Only reviewing what changed

The prompt tells Claude to comment on the change, not on pre-existing code, and the diff format helps enforce that, the model mostly sees changed lines plus a little context. But it's a soft boundary. A model will sometimes notice a problem in a context line and flag it. That's not always wrong (you did, technically, touch that area), but if it's annoying your team, reinforce it in the prompt: "Only flag issues on lines the diff adds or modifies, marked with +." You can also strip unchanged context lines from the diff before sending, though I'd keep them, context helps the model understand the change, and a little drift is a fair price.

Rate limits

Two separate limits are in play. The Anthropic API has its own rate limits; the SDK retries 429 and 5xx responses automatically with backoff, so a single review almost never hits them, but a monorepo merging dozens of PRs at once could. The concurrency block in the workflow already caps you at one run per PR. The GitHub API has its own limits too, and the handful of calls per review is nowhere near them.

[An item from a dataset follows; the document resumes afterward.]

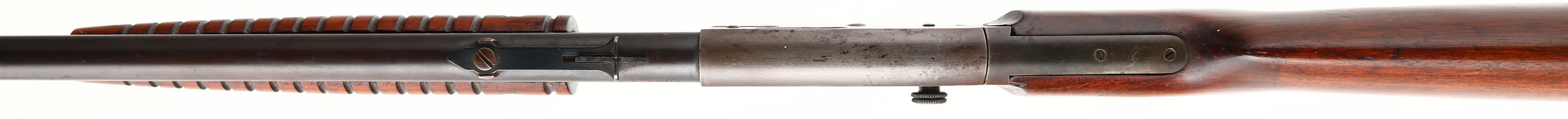 Ranger (Savage), Model Pump Action (29A or 29B), .22 S.L.LR., MFG. 1950's, SN:148789, Pump Rifle, 24'' Round barrel. The flat pistol grip wood stocks are very good & solid, with numerous minor scratches, nick & contusions to the finish. The original metal blue finish on the barrel is starting to tone a bit plum gray/brown, with coverage remaining at 50% & lots of spotty areas of rust pitting. The receiver & mag have 30% coverage of a brown patina, with spotty rust pitting. Barrel carries standard front & adjustable rear sights. Bore is fair, with pitting & scarring to thin rifling. Lots of Rust pitting on metal buttplate. FFL or C&R Req. - Value: 150 to 300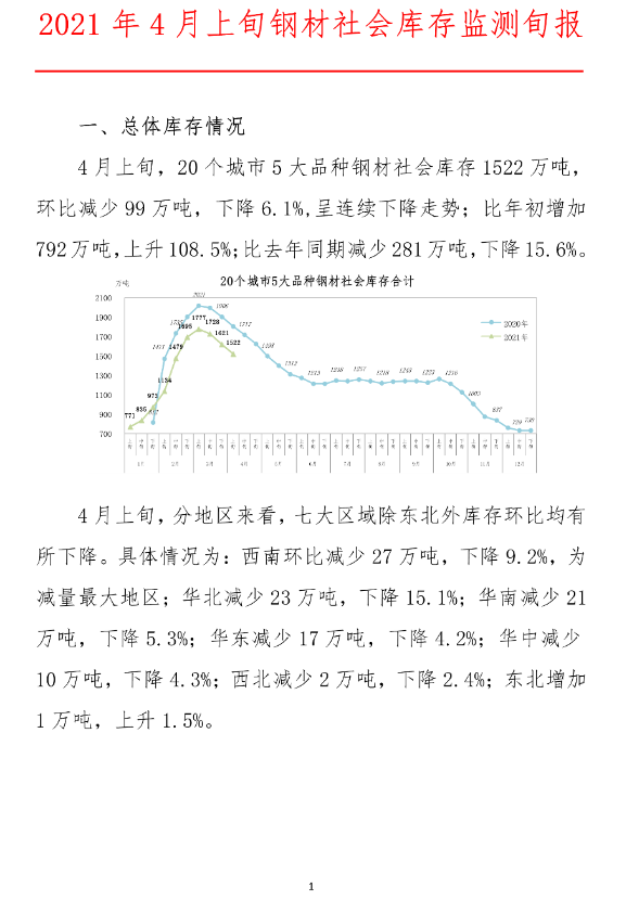 2021年4月上旬流通领域重要生产资料市场价格变动情况

If you do start seeing 429s from Anthropic across a busy org, the lever is fewer reviews, tighten the trigger types, or skip draft PRs, rather than faster retries.

Wrapping up

The bot is maybe a hundred lines of TypeScript and a short YAML file, and the code is the easy part. The hard part is the judgment baked into the prompt: review the change, catch real problems, and shut up otherwise. That's also the part you'll keep tuning. Watch the comments it leaves for a week. Every time it says something useless, that's a line for the "do not comment on" list. Every time it misses something a human caught, that's a hint to bump the model or sharpen an instruction.

Done right, you end up with a reviewer that the team actually reads, one that occasionally catches the thing everyone else missed at 6pm on a Friday, and stays quiet the rest of the time. That second half is what makes the first half worth anything.